* **What is needed**
Using the entries that follow, transcribe only the lines from the line with "Ruvelsbo ordlek t-shirt" to the line with "VSGO微高VS-A3 wrap up相机清洁随行套装相机防水包镜头清洁镜头纸布气吹皮毛虎镜头笔擦镜纸价格:249.00元!", both included, exactly as they stand and without pictures.

··· Raw data

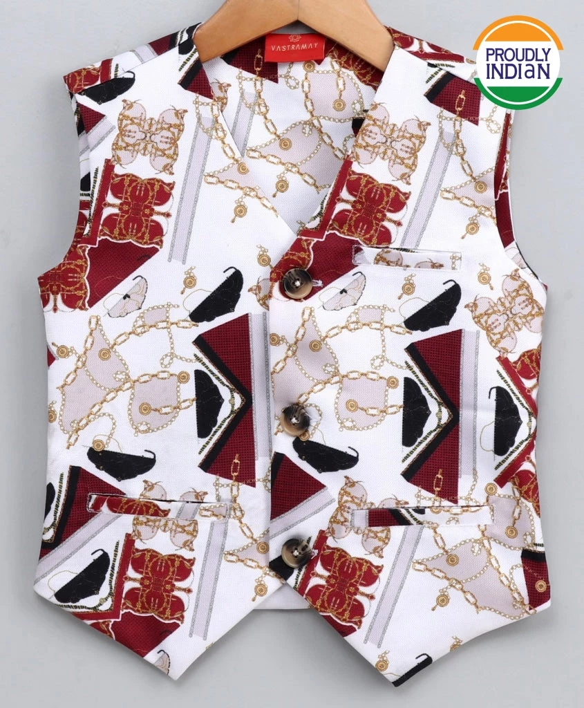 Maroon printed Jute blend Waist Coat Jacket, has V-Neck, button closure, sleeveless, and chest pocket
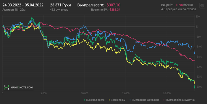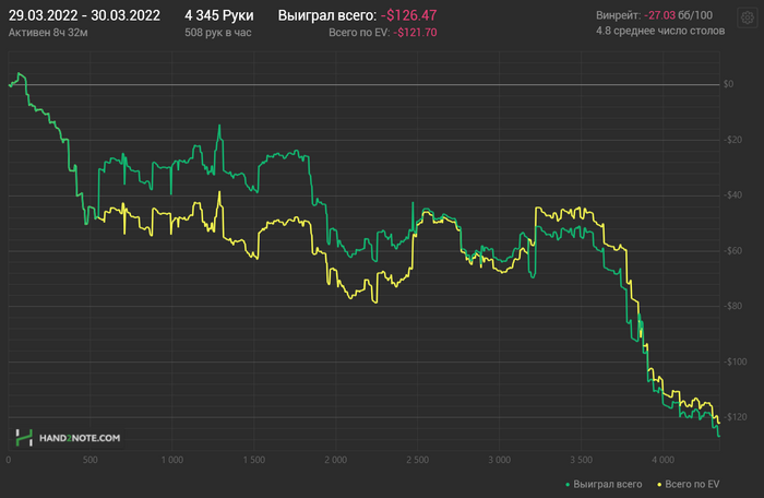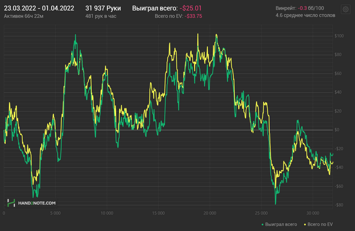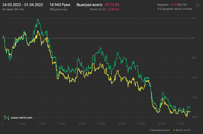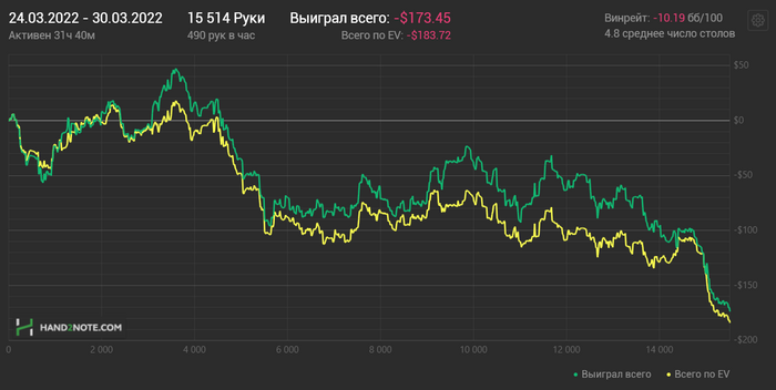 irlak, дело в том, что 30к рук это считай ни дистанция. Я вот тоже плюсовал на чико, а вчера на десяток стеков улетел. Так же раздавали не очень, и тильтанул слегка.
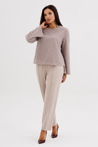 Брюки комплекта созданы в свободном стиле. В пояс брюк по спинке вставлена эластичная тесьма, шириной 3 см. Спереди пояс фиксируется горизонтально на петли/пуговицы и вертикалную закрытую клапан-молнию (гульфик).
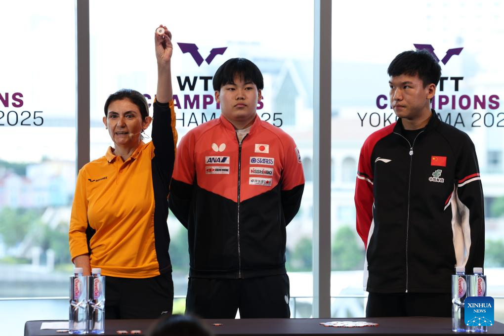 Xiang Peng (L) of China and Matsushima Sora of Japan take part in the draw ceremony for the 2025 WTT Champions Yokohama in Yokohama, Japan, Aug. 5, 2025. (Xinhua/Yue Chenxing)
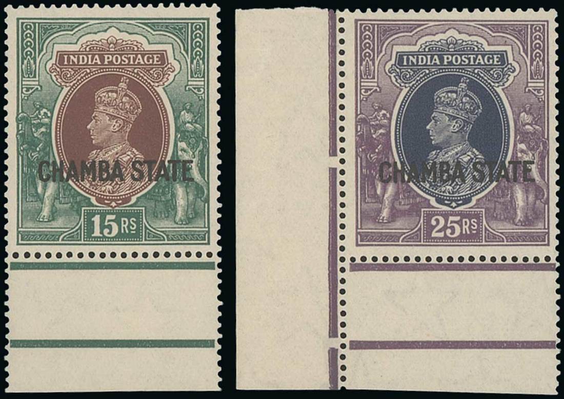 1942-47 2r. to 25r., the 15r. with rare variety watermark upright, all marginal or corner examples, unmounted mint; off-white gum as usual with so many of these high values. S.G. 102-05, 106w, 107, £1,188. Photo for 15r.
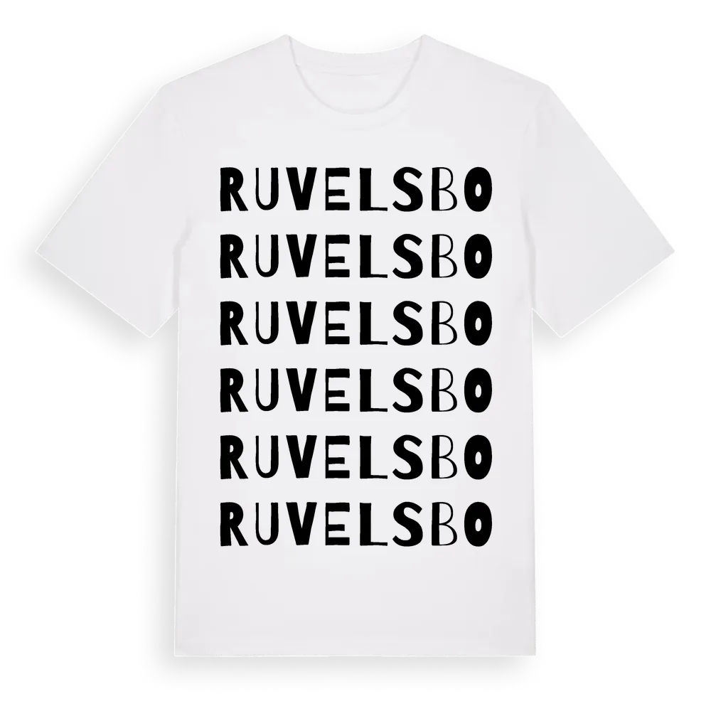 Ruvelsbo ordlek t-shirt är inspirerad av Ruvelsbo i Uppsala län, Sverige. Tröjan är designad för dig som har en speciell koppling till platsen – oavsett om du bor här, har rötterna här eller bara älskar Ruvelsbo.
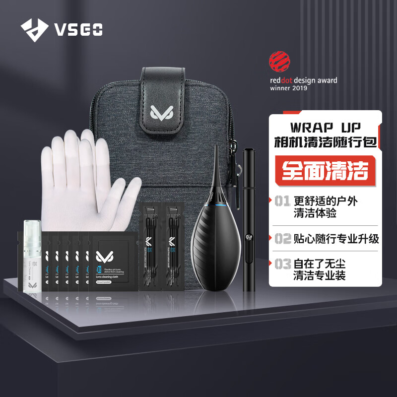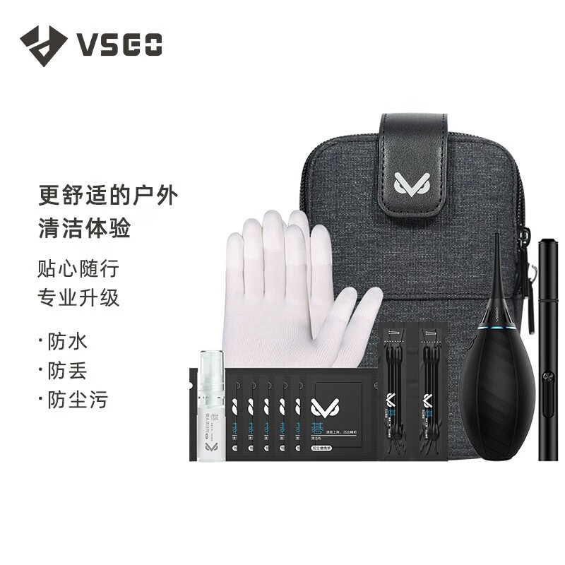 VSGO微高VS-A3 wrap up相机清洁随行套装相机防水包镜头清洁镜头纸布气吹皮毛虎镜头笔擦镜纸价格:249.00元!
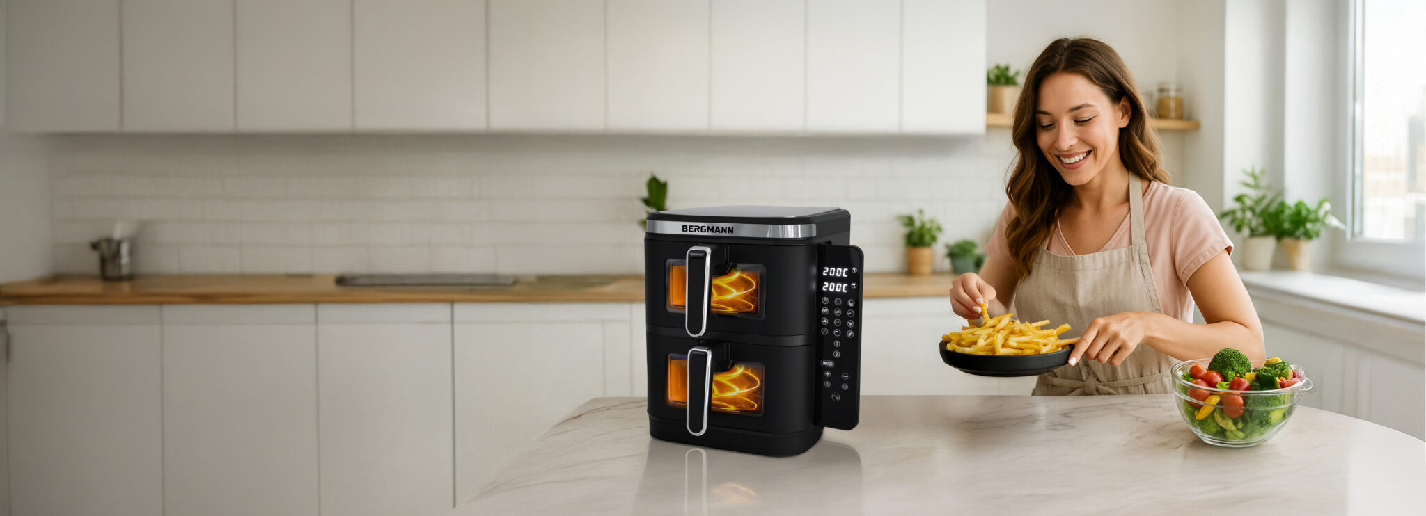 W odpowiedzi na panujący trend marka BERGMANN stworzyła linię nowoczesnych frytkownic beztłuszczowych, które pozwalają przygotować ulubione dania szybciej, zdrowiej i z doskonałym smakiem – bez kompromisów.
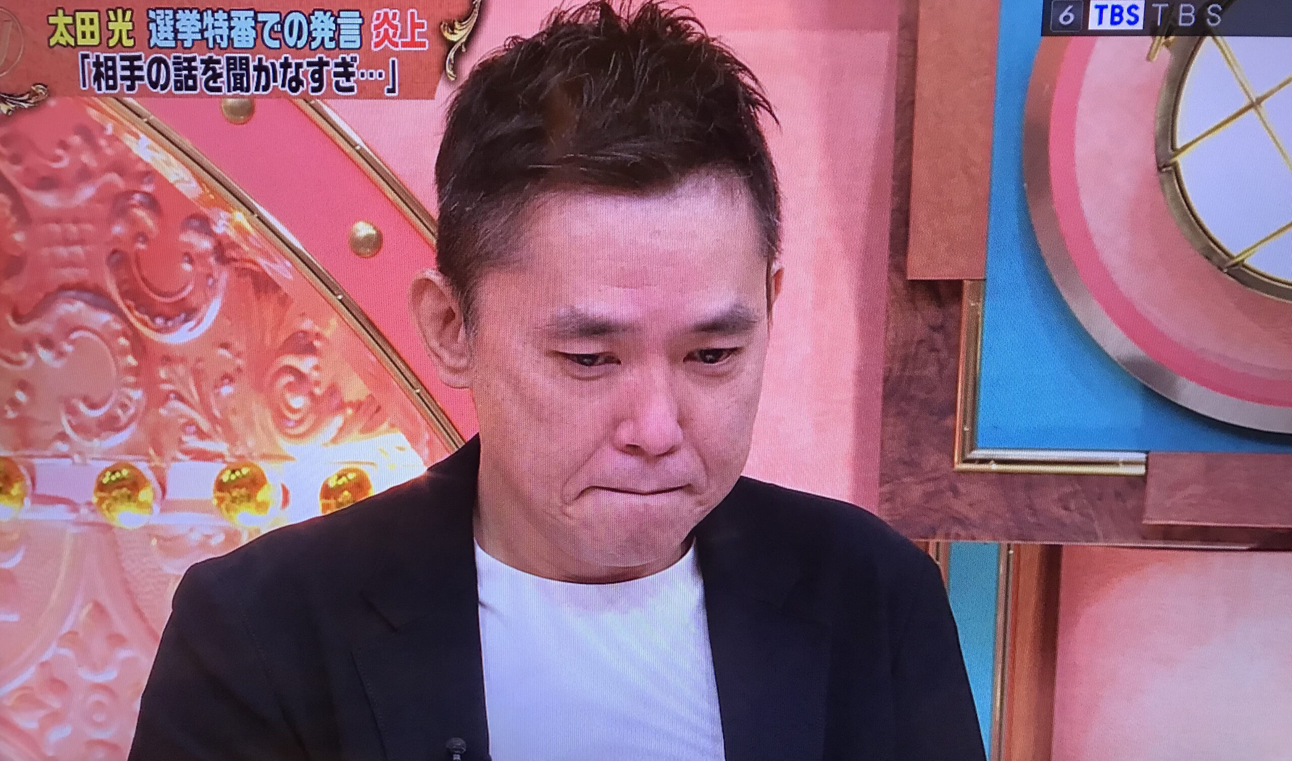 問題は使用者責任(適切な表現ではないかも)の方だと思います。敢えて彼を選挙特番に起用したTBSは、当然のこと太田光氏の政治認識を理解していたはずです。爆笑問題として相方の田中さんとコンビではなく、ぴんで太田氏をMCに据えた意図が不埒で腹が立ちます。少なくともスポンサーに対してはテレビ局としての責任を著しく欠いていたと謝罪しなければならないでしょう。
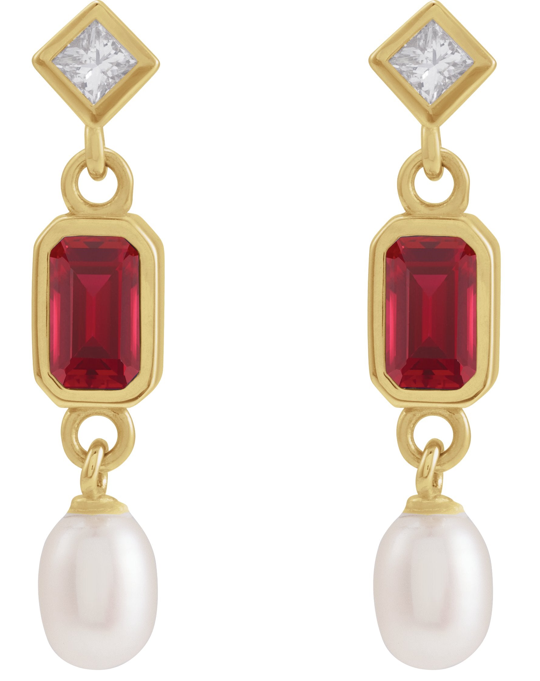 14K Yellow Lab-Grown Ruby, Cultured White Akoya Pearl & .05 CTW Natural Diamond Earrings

······

* **Expected answer**
 Ruvelsbo ordlek t-shirt är inspirerad av Ruvelsbo i Uppsala län, Sverige. Tröjan är designad för dig som har en speciell koppling till platsen – oavsett om du bor här, har rötterna här eller bara älskar Ruvelsbo.
 VSGO微高VS-A3 wrap up相机清洁随行套装相机防水包镜头清洁镜头纸布气吹皮毛虎镜头笔擦镜纸价格:249.00元!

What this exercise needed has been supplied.